А вечерами, оставаясь один, он судорожно решал, что и как нужно сказать жене: «Если последовать совету Луи и ничего не сообщать Анне, я всю жизнь буду чувствовать, что предал её. Но если она пожалуется дяде на белый брак… Будет скандал, и получится, что я предал брата и отца.». Дурные мысли не оставляли его, и он не знал, что выбрать.
У Анны первые дни ушли на обустройство каюты и любование местными пейзажами, пока шли вдоль берега. Она даже ухитрилась найти корабельного плотника и выпросить у него подставку под ноги:
— Скамеечка должна быть прочной, не слишком высокой, примерно вот такой, — она развела руки, показывая желаемую высоту.
— Ну, ежли время будет… — с сомнением почесал клочкастую рыжую бороду мастер. — Это пока я резьбу наведу и лаком вскрою…
— Не нужно резьбы и лака! Ничего такого не нужно. Просто три куска доски крепко сбейте, вот и все.
— Как скажете, госпожа, — согласно кивнул ей собеседник.
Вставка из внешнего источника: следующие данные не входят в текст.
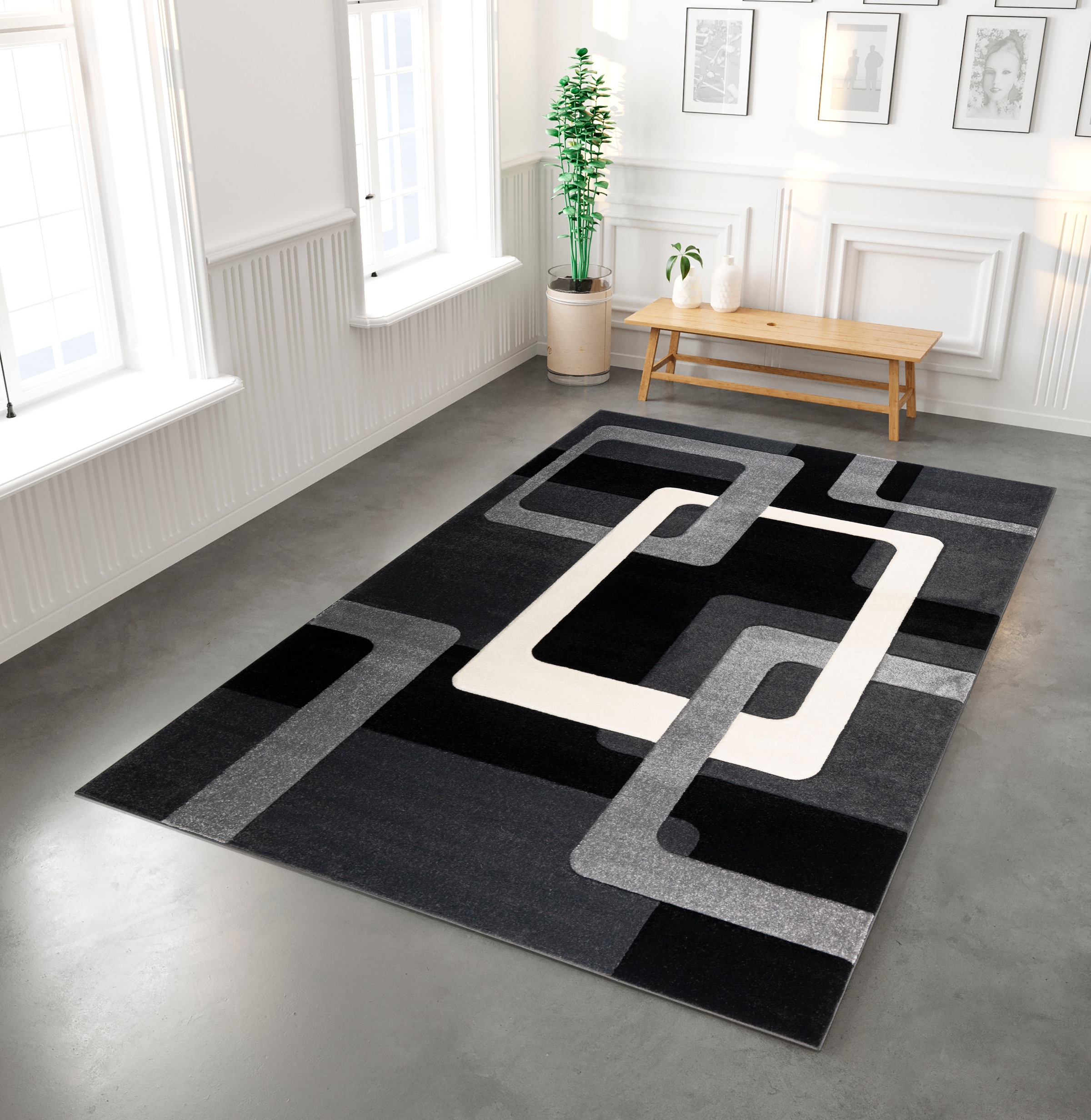 Teppich MY HOME "Maxim" Gr. 8, schwarz, B:280cm H:13mm L:390cm, Kunstfaser, Teppiche, Hoch-Tief-Effekt, Kurzflor, 3D-Design, Kundenliebling

Скамеечку принесли буквально через пару часов, и Анна, усевшись на сундук, поставила на нее ноги.
— О, вот так — прямо отлично!
— А я-то гадала, зачем она вам понадобилась! — рассмеялась мадам Берк.
— Здесь удобно будет сидеть вечерами и шить. А пока до обеда есть время, и можно еще прогуляться…
Прогулки были прекрасной отдушиной. Правда, мадам Берк настаивала на том, чтобы перед прогулкой герцогиня сильно пудрила лицо:
— Иначе ты загоришь, Анна! А это совершенно недопустимо! — дома, в процессе сборов мадам тяжело давалось обращение к герцогине на «ты». Но со временем она начала привыкать. Сейчас, в дни плавания, фрейлина уже почти не ошибалась.
Было у Анны время подумать и об отношениях с мужем, и о нем самом. Мыслями своими она не делилась ни с кем, считая их слишком личными.
«Он молод, несколько наивен, но совсем не глуп. Стесняется своего шрама, как ребенок веснушек. Он симпатичен мне, но…
Рядом с ним я чувствую себя просто старухой. Дело ведь не в молодом теле, а в совершенно разных моральных принципах. Ему, например, в голову не приходит, что любовница — это дурно.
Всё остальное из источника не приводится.